Concert note: Toronto’s reigning harp diva Judy Loman is celebrated on October 30 in “Mazzoleni Masters: Judy Loman 80th Birthday Celebration,” where she will perform works by Salzedo among others, at Mazzoleni Hall. The concert celebrates her illustrious career and the launch of Ariadne’s Legacy, the complete works for harp by R. Murray Schafer which is being released on the Centrediscs label and will soon be reviewed in these pages.

And just couple of quick jazz notes lest you think I have joined the Lotus-eaters and spent the last month in a state of mellow musical bliss…
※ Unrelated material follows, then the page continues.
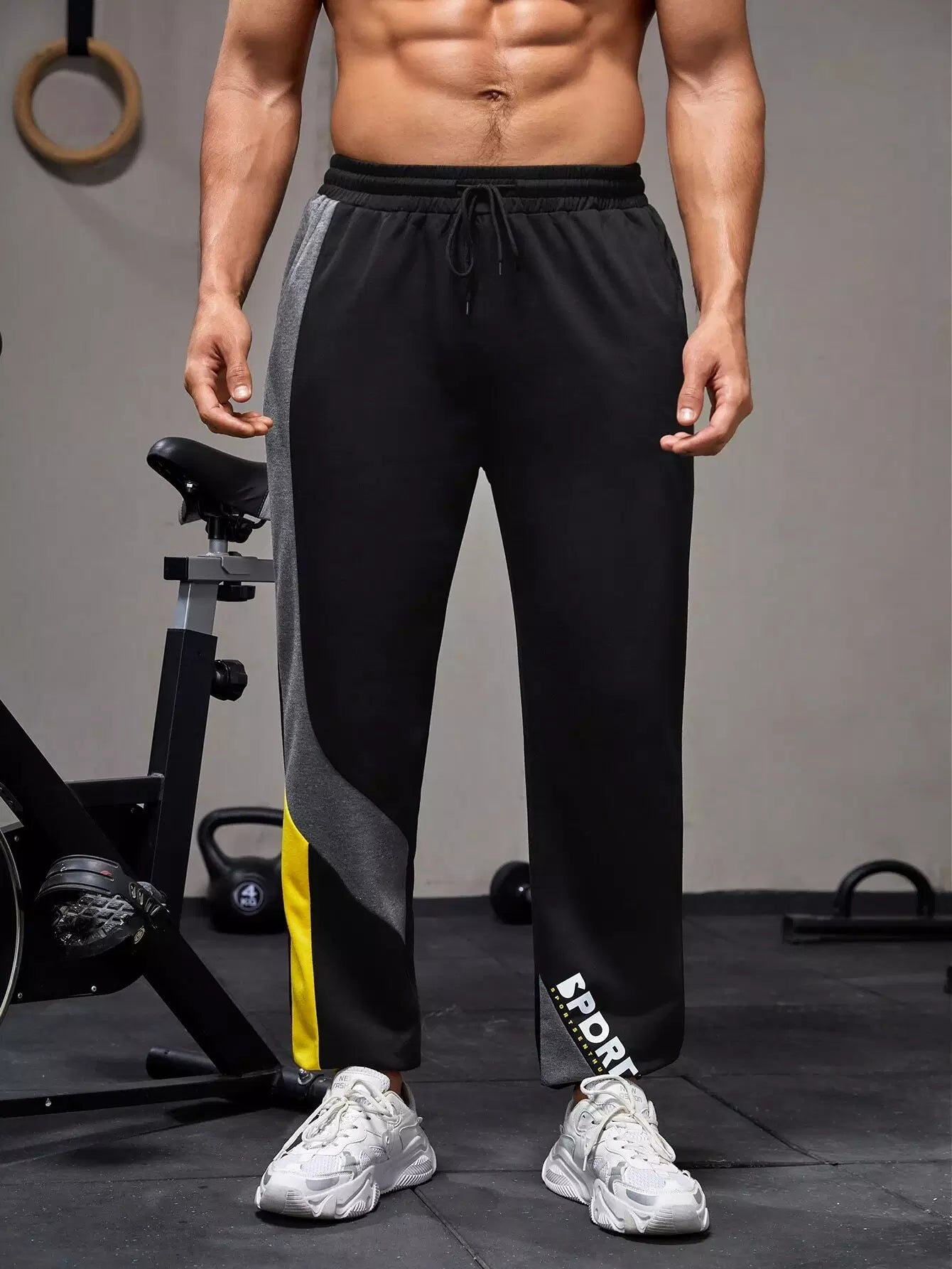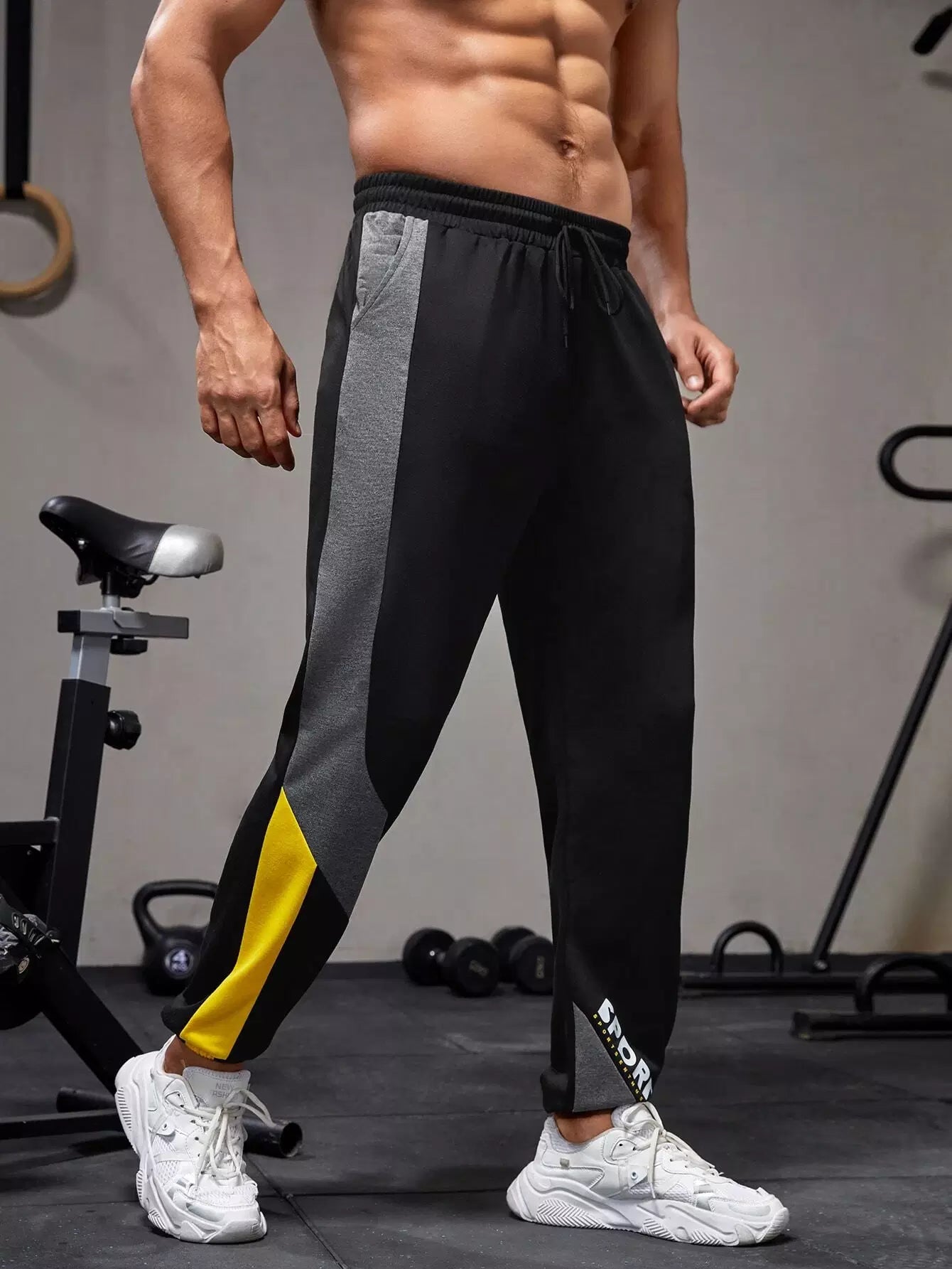 بنطلون رياضي بخياطة جانبية ملونة للرجال برباط خصر رياضي

05 St LaurentGuitarist Eric St-Laurent and his quartet will launch Planet (ericst-laurent.com) at Hugh’s Room on October 6. This jazz/funk offering features Jordan O’Connor on bass, Attila Fias on piano and the Latin-nuanced percussion of Michel DeQuevedo in a set of five St-Laurent originals and intriguing arrangements of Charlie Parker’s Donna Lee, Carly Rae Jepson’s Call Me Maybe and in a moment of relaxation, the second movement theme from Beethoven’s Piano Sonata No.8 convincingly rendered on acoustic guitar with double bass in unison. The driving rhythms and clever interactions of the quartet were just the wake-up call I needed after my extended immersion in the discs mentioned above.

06 Andrew McAnshAfter a busy summer in Toronto, trumpeter and flugelhornist Andrew McAnsh has returned to his studies at the Berklee School in Boston. Although there are no local performances on the immediate horizon, McAnsh has left us with Illustrations (andrewmcansh.bandcamp.com) on which he is joined by Jeff Larochelle (tenor sax), PJ Andersson (trombone), Geoff Young (guitar), Wes Allen and Soren Nissen (bass), Chris Pruden (piano) and Ian Wright (drums). Wordless vocals by Mjaa Danielson and Mara Nesrallah (who also provides compelling narration on Confabulation) in unison with horn lines add to a very intriguing big band texture. All the tracks were composed by McAnsh with the exception of the opening Utopia Suite which was co-written with the trombonist. Of particular note are McAnsh’s arrangements which convey the impression of a large brass section using only three horns. Perhaps we’ll have a chance to hear him live again next summer.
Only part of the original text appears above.